Table 2 shows an example of the solubility of acetylated acidolysis lignin in a solvent.

Example 3
10 parts by weight of fully acetylated acidolysis lignin, 7.2 parts by weight of bisphenol A diglycidyl ether and 0.1 part by weight of 2-ethyl-4-methyl-imidazole are dissolved in 20 parts by weight of dry tetrahydrofuran, and at 60 ° C., Tetrahydrofuran was removed by evaporation while flowing dry nitrogen. The resulting mixture was cured at 150 ° C. for 2 hours. The obtained cured product had a glass transition temperature (Tg, differential scanning calorimetry (DSC), 10 ° C / min) of 91,6 ° C. The thermal decomposition temperature (Td, thermogravimetric measurement, in nitrogen, 10 ° C./min, weight reduction rate 1%) was 286.2 ° C. The FTIR spectra of the mixture before curing, 1763cm ^-1 (ester phenol), 1730 cm ^-1 (ester alcohols), and 907cm ^-1 peak attributed to the (epoxy groups) was present. In the FTIR spectrum of the cured sample, only 1730 cm ⁻¹ (alcohol ester) was observed, and no peaks derived from 1763 cm ⁻¹ (phenol ester) and 907 cm ⁻¹ (epoxy group) were observed. From this result, it was confirmed that the acetyl group was transferred and bonded to the secondary alcohol by the curing reaction.
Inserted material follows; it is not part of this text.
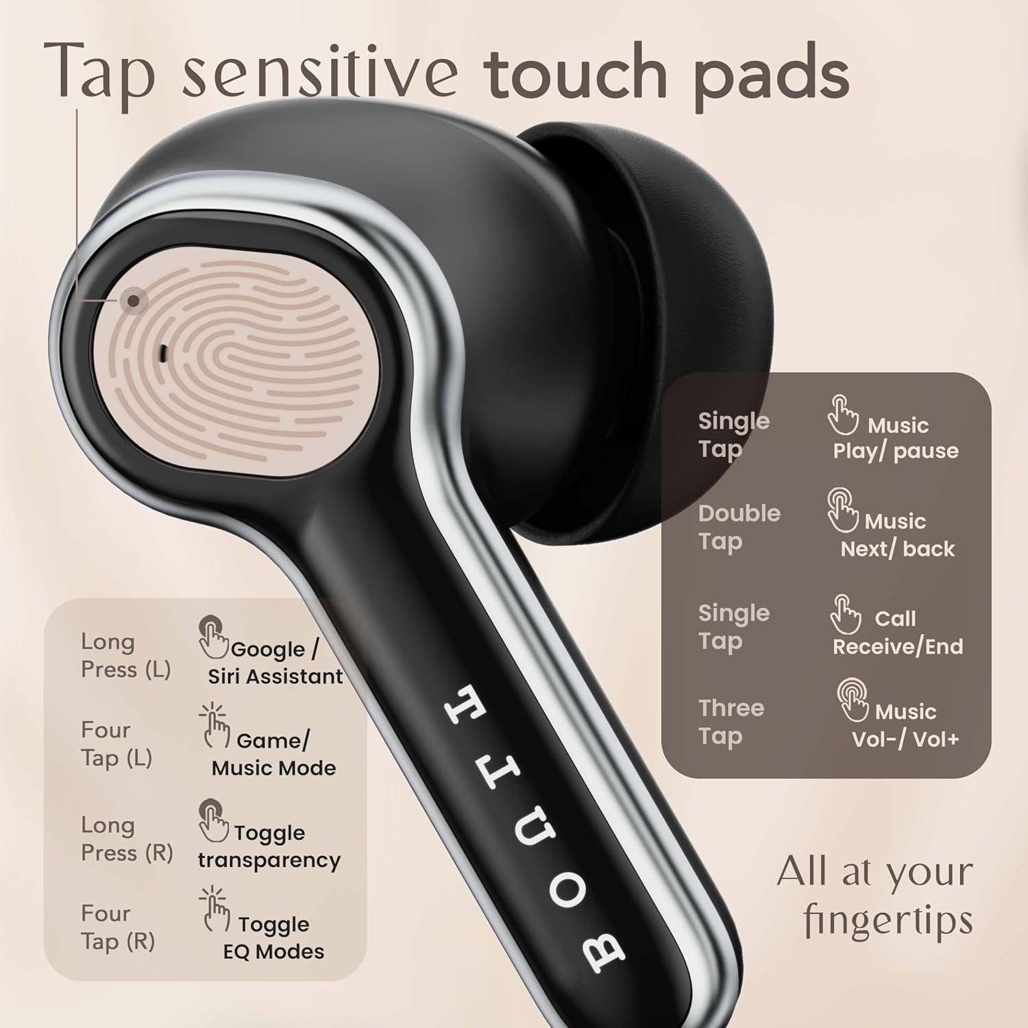 | Special Features | 4 Mics ENC ear buds, 32dB Active Noise Cancellation, Dual Device Pairing, 3 EQ Modes, 100Hr Playtime earbuds |

The sample was allowed to stand at 20 ° C. in a desiccator conditioned with a saturated aqueous solution of KCl until the weight reached a constant value, and the measured water absorption was 0.65%.

Claims (5)

  An epoxy resin curing agent comprising a solvent-soluble lignin derivative obtained by acylating an alcoholic hydroxyl group and a phenolic hydroxyl group in a lignin molecule.   A method of curing an epoxy resin using a solvent-soluble lignin derivative obtained by acylating an alcoholic hydroxyl group and a phenolic hydroxyl group in a lignin molecule.   The method according to claim 2, wherein polyalkoxytriphenylphosphine or an imidazole compound substituted with an alkyl group or an aryl group at one to three positions of 1, 2, 4 positions is used as a catalyst.   A cured epoxy resin cured by the method according to claim 2.   An epoxy resin composition comprising a solvent-soluble lignin derivative obtained by acylating an alcoholic hydroxyl group and a phenolic hydroxyl group in a lignin molecule and an epoxy resin.